Tipsheet

House Democrat Hit with Two Separate Ethics Complaints

Democrat congressman Tom Malinowski (D-NJ) is facing ethical grievances for failing to disclose stock trades, which is a violation of federal law. Two different nonpartisan ethics groups, the Foundation for Accountability and Civic Trust (FACT) and the Campaign Legal Center both called on the Office of Congressional Ethics to launch a probe into Malinowski, Business Insider reported. The congressman is said to have failed to disclose $671,000 in stock trades. 

“When members of Congress trade individual stocks and fail to disclose those trades, they break the law and diminish the public’s trust in government,” Campaign Legal Center lawyers Kedric Payne and Delaney Marsco wrote to the Office of Congressional Ethics. “Rep. Malinowski repeatedly failed to comply with this requirement for over two years. He describes this omission as an oversight even though he is an experienced investor and former political appointee who has been subject to the STOCK Act for over five years.”
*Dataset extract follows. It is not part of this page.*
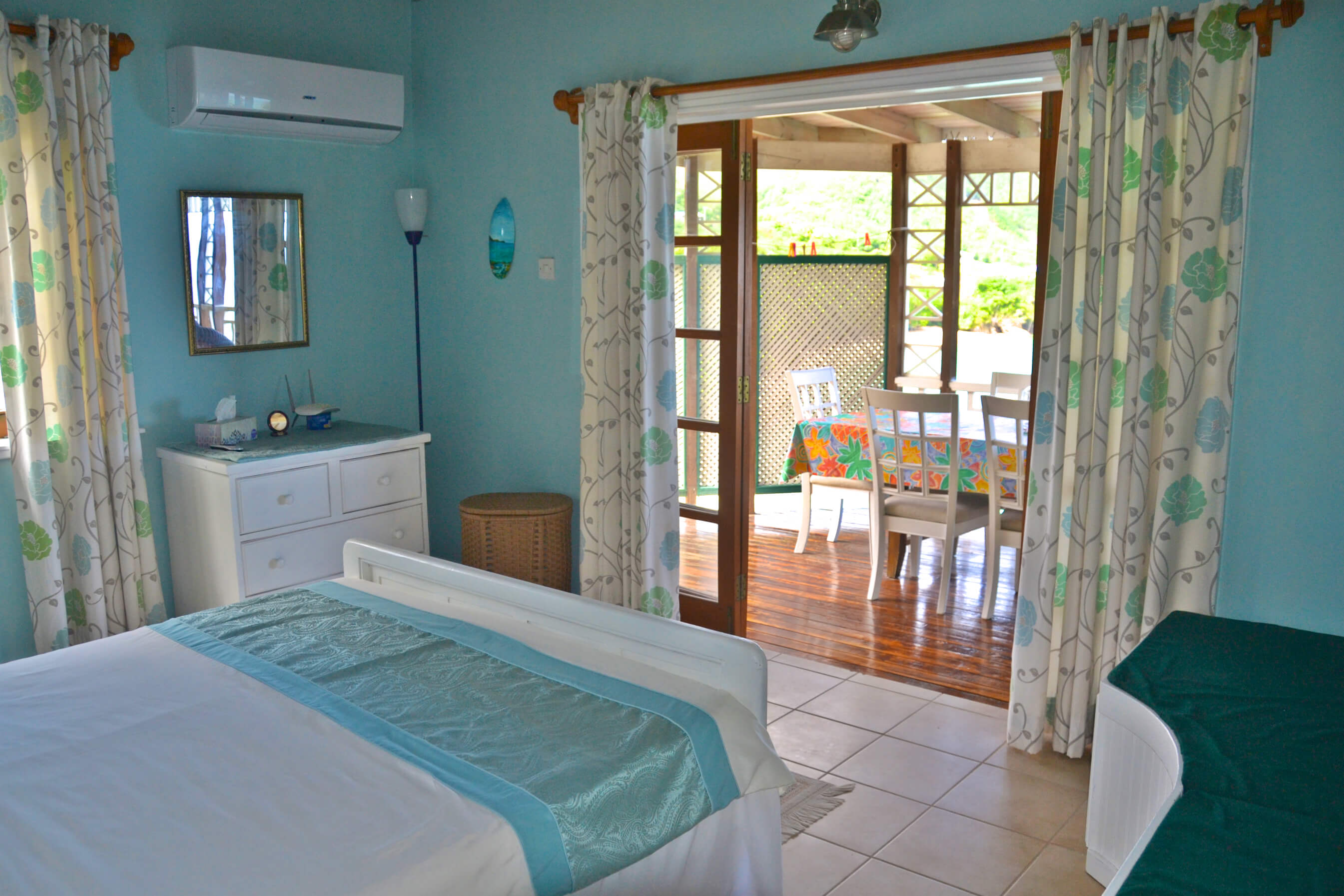 The living area is open plan and comfortable, with TV and board games to keep you entertained, after a hard day of Bequia exploring! This villa is a short taxi ride (water or land taxi) or 10 minute walk from the bustling Port Elizabeth Harbour, and from here you can arrange many activities, as well as day cruises to places like the fabulous Tobago Cays, or Mustique. The living area has large double doors that open out onto the balcony with large daybed to relax on, giving a nice breeze and feeling of space. There is WiFi available on the balcony.

The federal Stop Trading on Congressional Knowledge (STOCK) Act mandates that lawmakers make public their stock trades within a 30-45 day window. FACT argued that Malinowski’s failure to disclose trades depletes “citizens’ confidence” in public servants, arguing that the congressman could have been “secretly trading stocks related to a national crisis, which prevented the public from evaluating whether his transactions were based upon information he obtained from his official position.” 

Malinowski attributed his failure to disclose his trades as an “oversight,” and maintained that he himself does not oversee his trades on daily basis.